[Provided data — start]
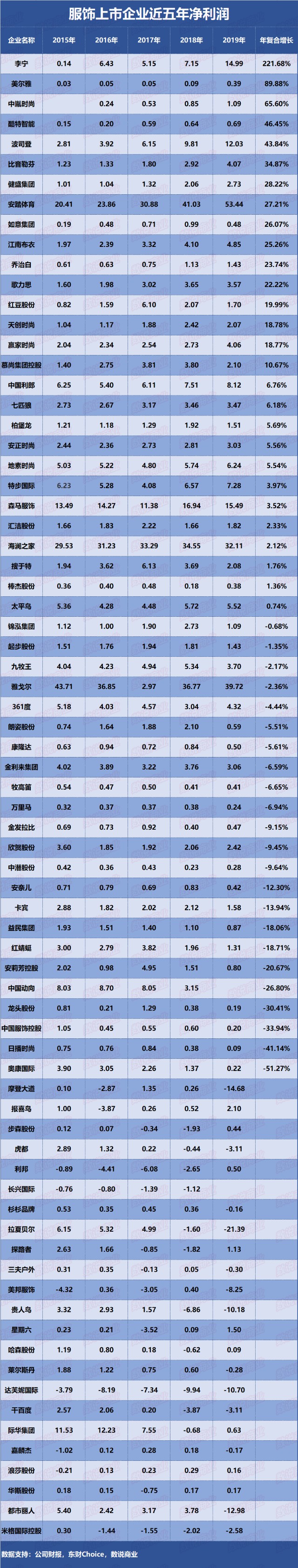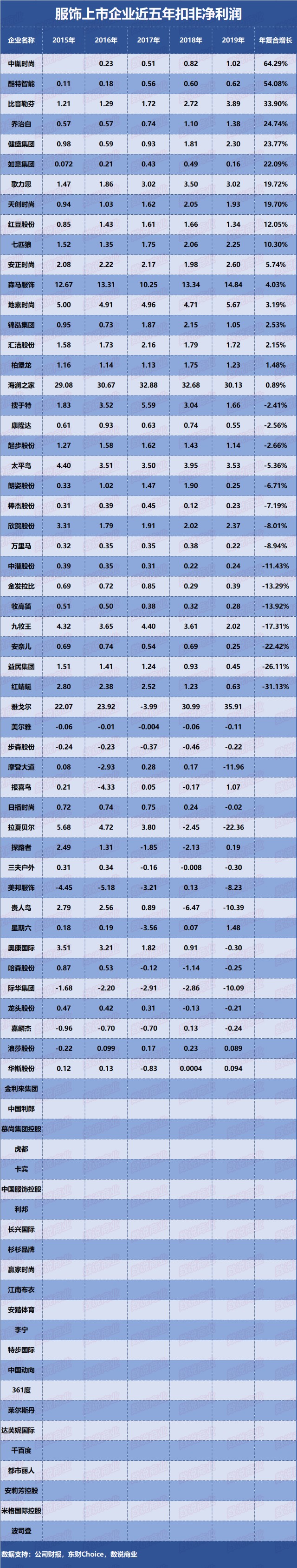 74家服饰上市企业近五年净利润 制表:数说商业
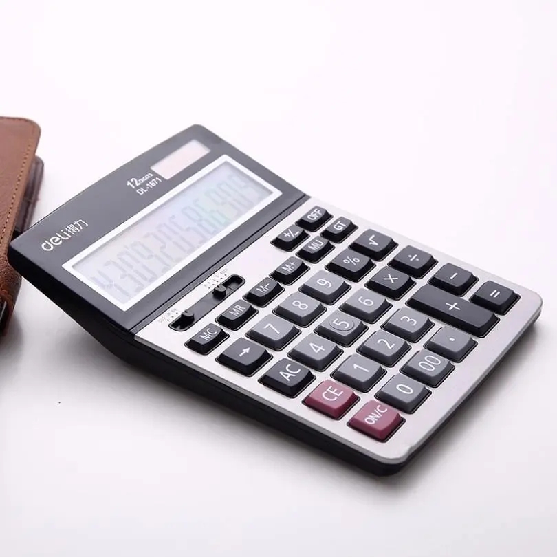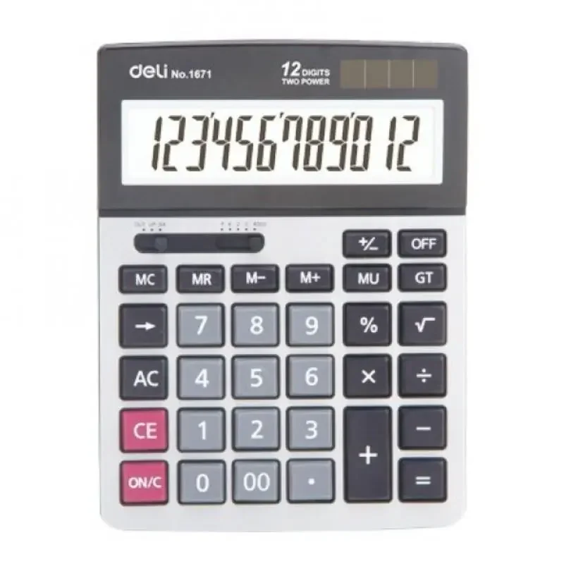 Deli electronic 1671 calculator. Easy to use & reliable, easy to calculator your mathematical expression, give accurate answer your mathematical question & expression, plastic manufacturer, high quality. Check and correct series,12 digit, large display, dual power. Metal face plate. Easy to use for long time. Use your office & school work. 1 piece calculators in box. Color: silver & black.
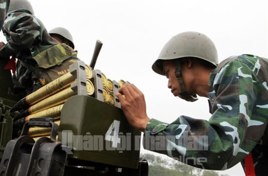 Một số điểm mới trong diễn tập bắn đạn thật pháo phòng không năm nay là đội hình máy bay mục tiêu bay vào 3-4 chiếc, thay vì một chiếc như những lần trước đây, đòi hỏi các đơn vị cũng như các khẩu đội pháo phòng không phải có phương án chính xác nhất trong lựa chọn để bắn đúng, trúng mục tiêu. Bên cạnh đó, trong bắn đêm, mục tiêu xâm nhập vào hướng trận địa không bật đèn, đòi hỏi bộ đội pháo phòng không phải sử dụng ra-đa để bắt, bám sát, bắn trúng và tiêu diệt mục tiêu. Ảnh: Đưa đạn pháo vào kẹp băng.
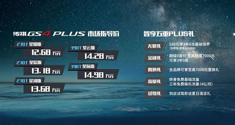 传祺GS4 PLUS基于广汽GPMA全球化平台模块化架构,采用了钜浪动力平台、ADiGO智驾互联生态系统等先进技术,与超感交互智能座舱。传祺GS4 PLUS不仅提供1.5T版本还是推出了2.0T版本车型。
[Provided data — finish]
■ Problem requirements ■
In your transcription of the listing above, match each line exactly and include no pictures.

■ Your response ■
 74家服饰上市企业近五年净利润 制表:数说商业
 Deli electronic 1671 calculator. Easy to use & reliable, easy to calculator your mathematical expression, give accurate answer your mathematical question & expression, plastic manufacturer, high quality. Check and correct series,12 digit, large display, dual power. Metal face plate. Easy to use for long time. Use your office & school work. 1 piece calculators in box. Color: silver & black.
 Một số điểm mới trong diễn tập bắn đạn thật pháo phòng không năm nay là đội hình máy bay mục tiêu bay vào 3-4 chiếc, thay vì một chiếc như những lần trước đây, đòi hỏi các đơn vị cũng như các khẩu đội pháo phòng không phải có phương án chính xác nhất trong lựa chọn để bắn đúng, trúng mục tiêu. Bên cạnh đó, trong bắn đêm, mục tiêu xâm nhập vào hướng trận địa không bật đèn, đòi hỏi bộ đội pháo phòng không phải sử dụng ra-đa để bắt, bám sát, bắn trúng và tiêu diệt mục tiêu. Ảnh: Đưa đạn pháo vào kẹp băng.
 传祺GS4 PLUS基于广汽GPMA全球化平台模块化架构,采用了钜浪动力平台、ADiGO智驾互联生态系统等先进技术,与超感交互智能座舱。传祺GS4 PLUS不仅提供1.5T版本还是推出了2.0T版本车型。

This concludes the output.